- _What you have to do_
Exactly the lines from the start of the entries through the line with "ウィリアム・モリスデザインの" are required in the output, with no pictures among them.

- _Records to process_
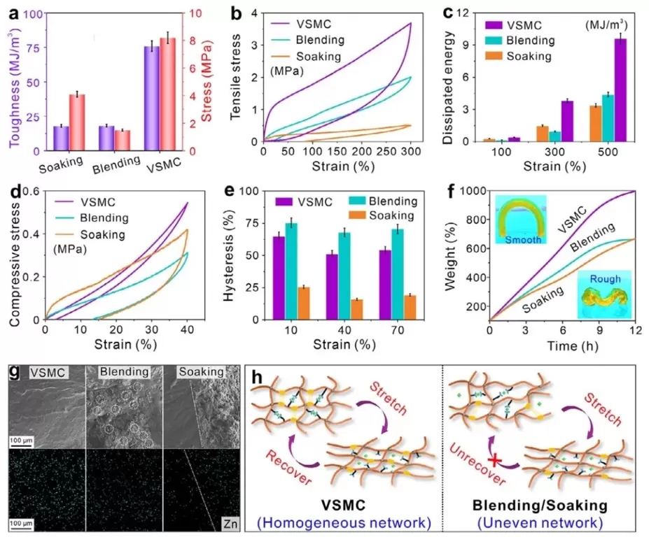 增强力学性能的机制,采用拉伸、压缩循环测试、溶胀测试、扫描电子显微镜(SEM)观察等方法,对比浸泡法、共混法和VSMC策略制备的DCWPU,研究DCWPU增强力学性能的机制。结果表明,VSMC策略制备的DCWPU具有更均匀的交联网络,在拉伸时能量耗散效率更高,压缩时滞后环面积更小,溶胀后结构更稳定,SEM下微观结构更均匀,证实其优异力学性能源于均匀分布的金属
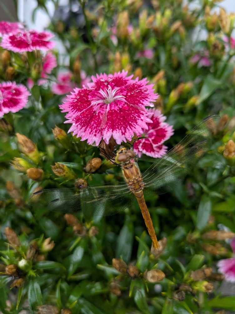ナデシコチョキンし忘れていたらまた花が咲いてしかもトンボまでいて気づくと言う(泣)
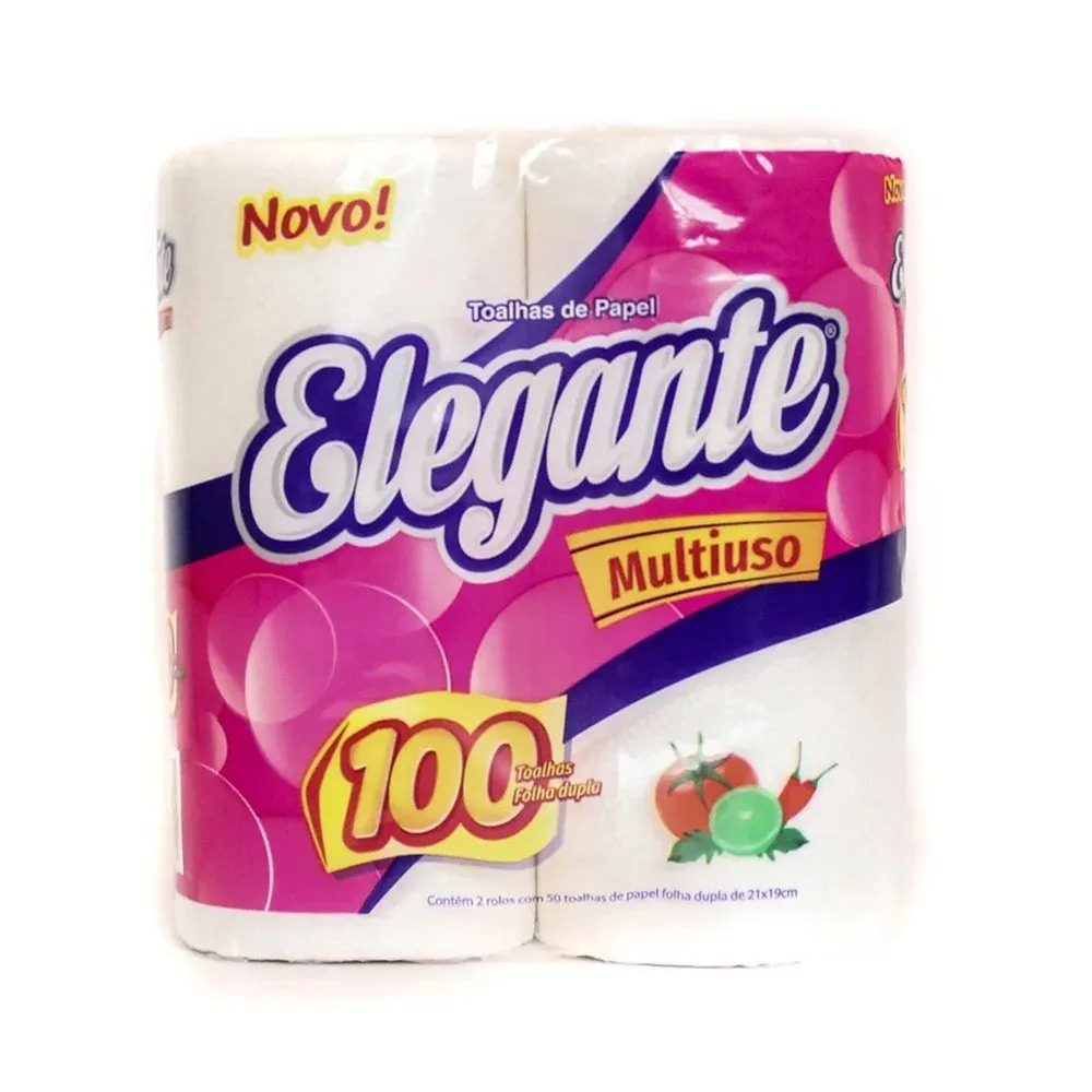 Pacote com 2 rolos da marca Elegante. A marca mais conhecida e acessível, com toalhas de papel folha dupla de alta qualidade, maciez e conforto. trabalhando com composição 100% celulose, gofrado e picotado.
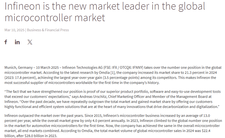 (3)英飞凌发文正式登顶全球MCU销冠,市场份额高达21.3%
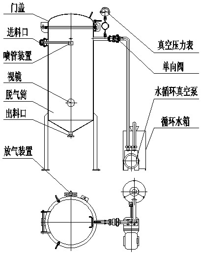 該真空脫氣器屬噴霧式,使(shǐ)用時,隻要開(kāi)啟配套(tào)的真空泵(泵按說明書使用),抽掉器身內的氣體,同時果蔬汁在自身的真空度達到(-0.0906MPa)時進料,果蔬汁吸入器身經過噴嘴時呈噴射(shè)狀向下散開,在具有一定真空度的容器內落下,果蔬汁中約85~90%的氣體被吸走。脫氣果蔬汁流集於底部,從出料管被螺杆泵輸送到(dào)下道工序。為保持脫(tuō)氣的(de)果蔬汁量和上下工序螺杆泵排出量的均衡,進(jìn)料口有閥門控製進料速度,螺杆泵配無級調速來控製出料流量,料液一般為視(shì)孔的一半即(jí)可。隻要保持(chí)真空度,進出料速度均衡時,可連續生產(chǎn)。循環水箱是盛有一定體積的水,其作(zuò)用一是用來承接(jiē)從水環泵排出混有少量水的氣體,水留在容器內而(ér)氣體逸(yì)出,二是(shì)向水環泵提(tí)供(gòng)循環的冷卻水,循環水箱的水溫不能超過30℃,如水溫過高會影響真空度(dù)。
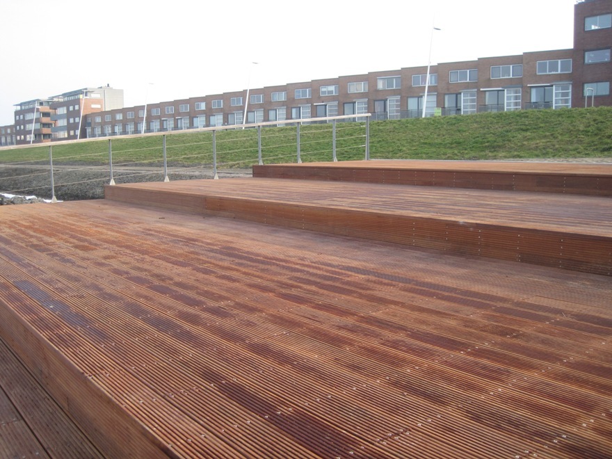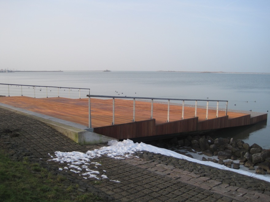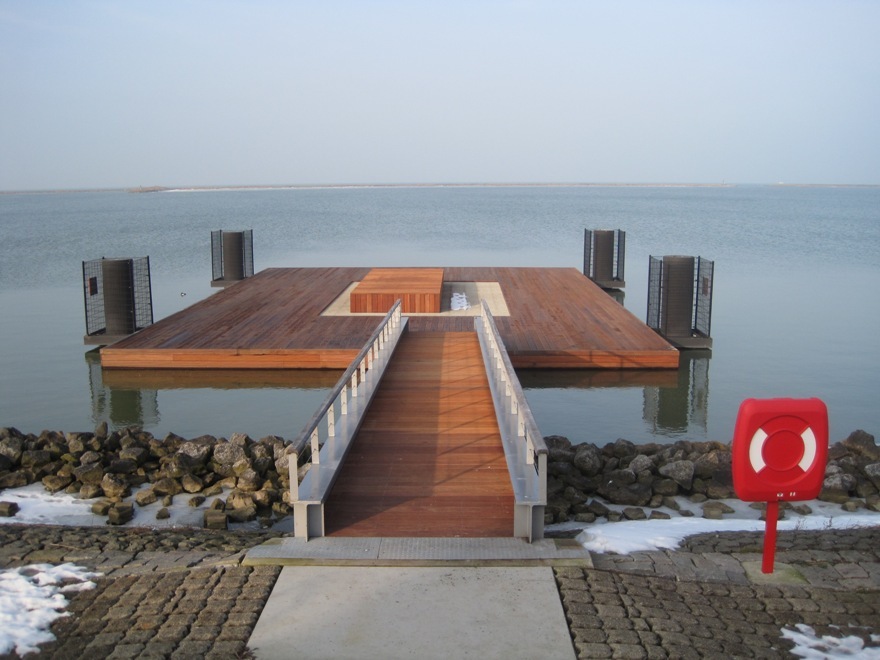 - Een stalen ponton, geheel bekleed met hout, met in het midden een doorkijk op het water. Deze loopbrug op het ponton ligt a-symetrisch en is letterlijk en figuurlijk “in balans”.
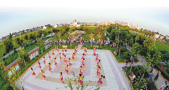 妈妈宝贝在新建广场练习舞蹈。洪溪 摄
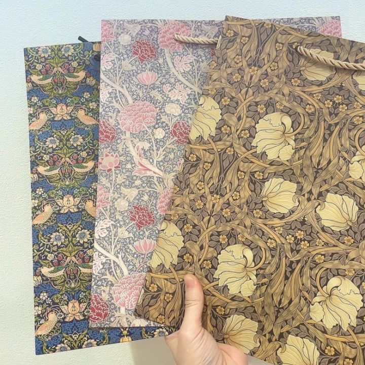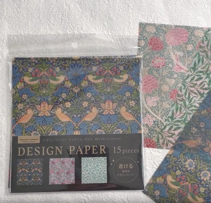 ウィリアム・モリスデザインのデザインペーパーも展開されています。折り紙サイズですが、その存在感は抜群。「ラッピングのアクセントとして使える」との口コミもあるように、小ぶりなもの全体の包装だけでなく一部に使用してもおしゃれですね。
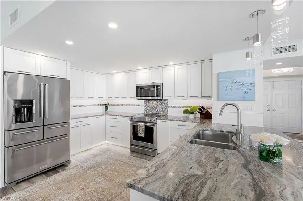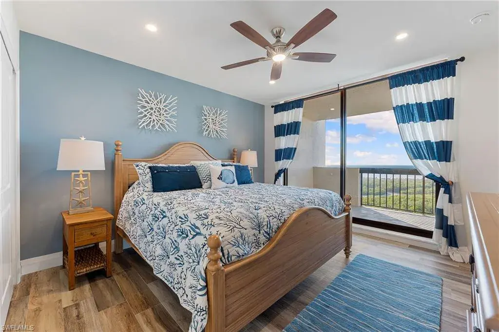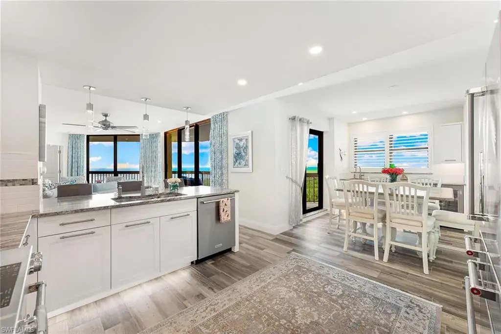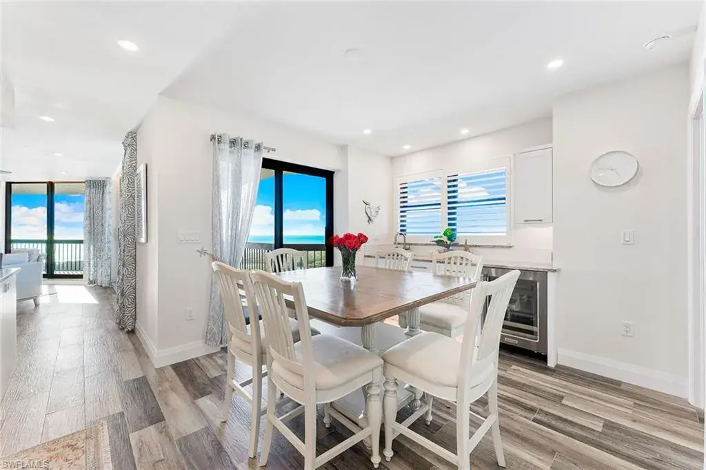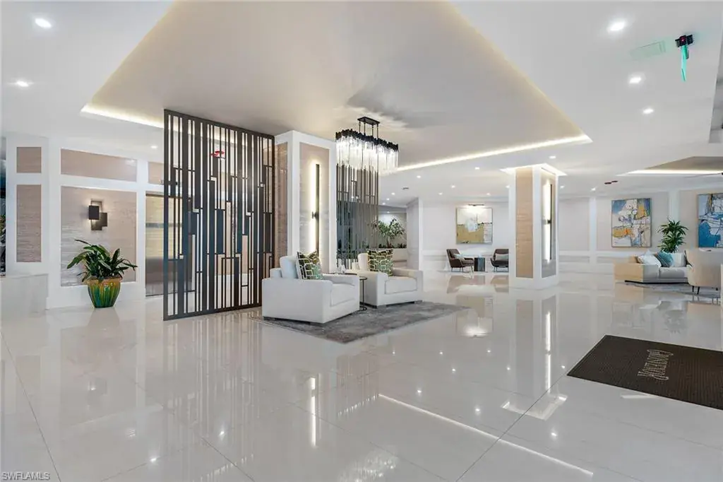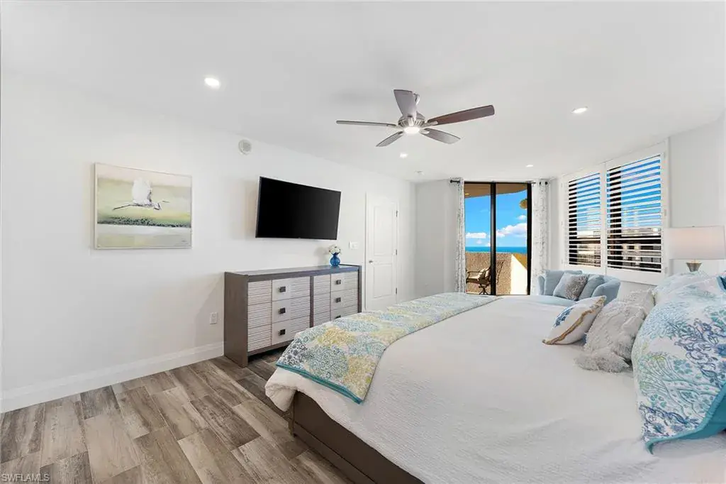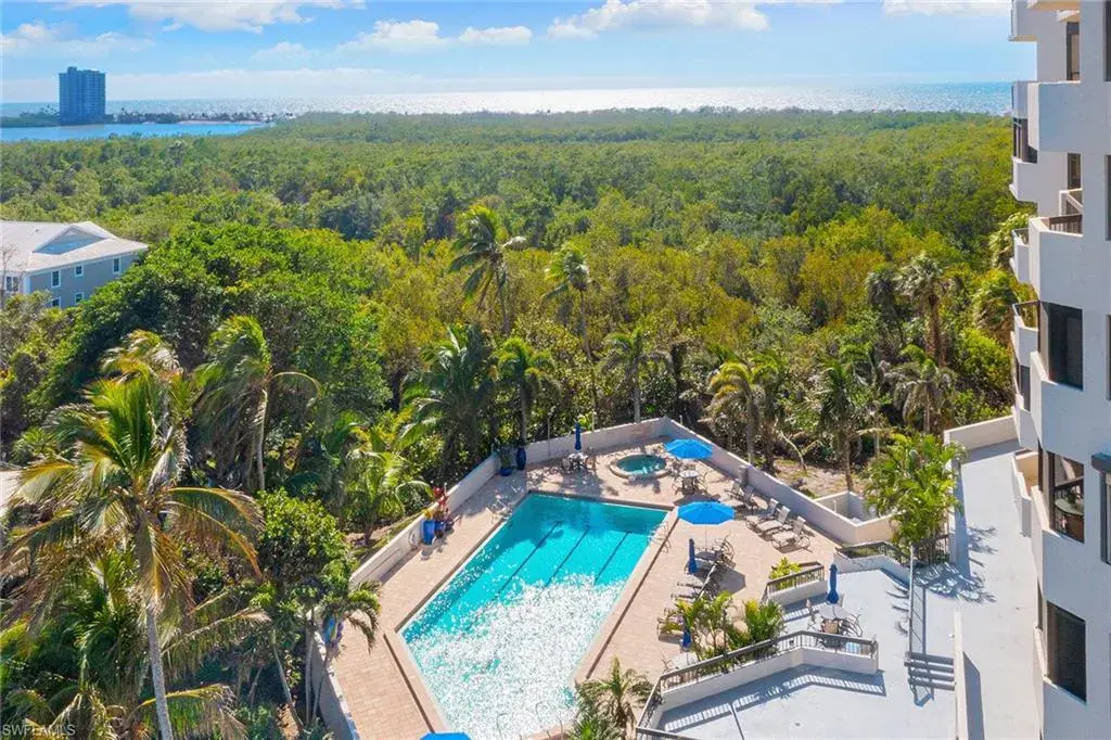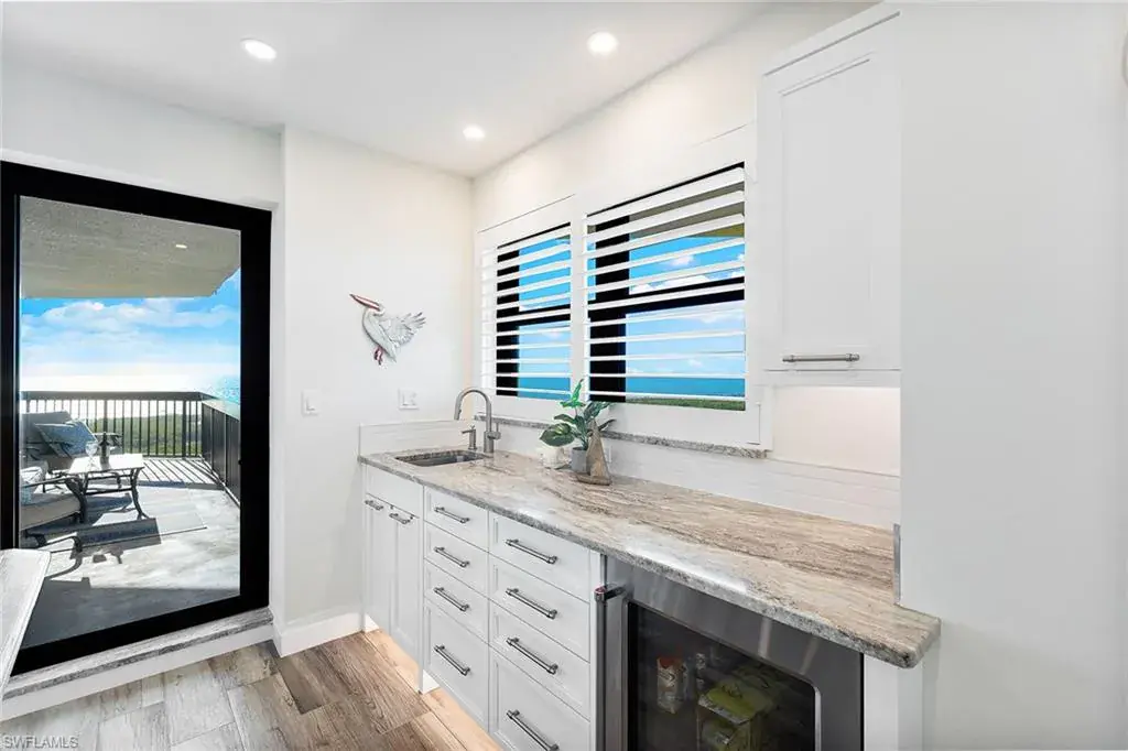 The work is done! Breathtaking 15th-floor views up to Sanibel from the sought-after 04 stack with northwest exposure, beachy vibes and a relaxing perch in the sky. This stunning high-rise retreat boasts a spacious 524-square-foot lanai with no screens ideal for soaking in sunsets, sunrises and endless gulf breezes. Remodeled and professionally designed, this move-in-ready condominium, featured in Home & Design, comes turnkey furnished for effortless luxury. New hurricane impact windows and sliders throughout provide ultimate peace of mind and unobstructed views. The den has a sleeper sofa and TV for guest or bonus room. On the berm, one of the closest buildings to private South Beach and tennis. Top-tier amenities include updated lobby, reimagined social room by EBL Interiors, secure under-building parking, bike storage, three guest suites, three elevators, lap pool with sunny pool deck, barbecue and fitness. Live the Pelican Bay dream. Exclusive private beach club with two beachfront restaurants, cabana service and miles of pristine sand. World-class tennis with 18 Har-Tru courts plus a new racquets center coming soon featuring 20 pickleball and eight tennis.

- _Your solution_
 增强力学性能的机制,采用拉伸、压缩循环测试、溶胀测试、扫描电子显微镜(SEM)观察等方法,对比浸泡法、共混法和VSMC策略制备的DCWPU,研究DCWPU增强力学性能的机制。结果表明,VSMC策略制备的DCWPU具有更均匀的交联网络,在拉伸时能量耗散效率更高,压缩时滞后环面积更小,溶胀后结构更稳定,SEM下微观结构更均匀,证实其优异力学性能源于均匀分布的金属
ナデシコチョキンし忘れていたらまた花が咲いてしかもトンボまでいて気づくと言う(泣)
 Pacote com 2 rolos da marca Elegante. A marca mais conhecida e acessível, com toalhas de papel folha dupla de alta qualidade, maciez e conforto. trabalhando com composição 100% celulose, gofrado e picotado.
 (3)英飞凌发文正式登顶全球MCU销冠,市场份额高达21.3%
 該真空脫氣器屬噴霧式,使(shǐ)用時,隻要開(kāi)啟配套(tào)的真空泵(泵按說明書使用),抽掉器身內的氣體,同時果蔬汁在自身的真空度達到(-0.0906MPa)時進料,果蔬汁吸入器身經過噴嘴時呈噴射(shè)狀向下散開,在具有一定真空度的容器內落下,果蔬汁中約85~90%的氣體被吸走。脫氣果蔬汁流集於底部,從出料管被螺杆泵輸送到(dào)下道工序。為保持脫(tuō)氣的(de)果蔬汁量和上下工序螺杆泵排出量的均衡,進(jìn)料口有閥門控製進料速度,螺杆泵配無級調速來控製出料流量,料液一般為視(shì)孔的一半即(jí)可。隻要保持(chí)真空度,進出料速度均衡時,可連續生產(chǎn)。循環水箱是盛有一定體積的水,其作(zuò)用一是用來承接(jiē)從水環泵排出混有少量水的氣體,水留在容器內而(ér)氣體逸(yì)出,二是(shì)向水環泵提(tí)供(gòng)循環的冷卻水,循環水箱的水溫不能超過30℃,如水溫過高會影響真空度(dù)。
 - Een stalen ponton, geheel bekleed met hout, met in het midden een doorkijk op het water. Deze loopbrug op het ponton ligt a-symetrisch en is letterlijk en figuurlijk “in balans”.
 妈妈宝贝在新建广场练习舞蹈。洪溪 摄
 ウィリアム・モリスデザインのデザインペーパーも展開されています。折り紙サイズですが、その存在感は抜群。「ラッピングのアクセントとして使える」との口コミもあるように、小ぶりなもの全体の包装だけでなく一部に使用してもおしゃれですね。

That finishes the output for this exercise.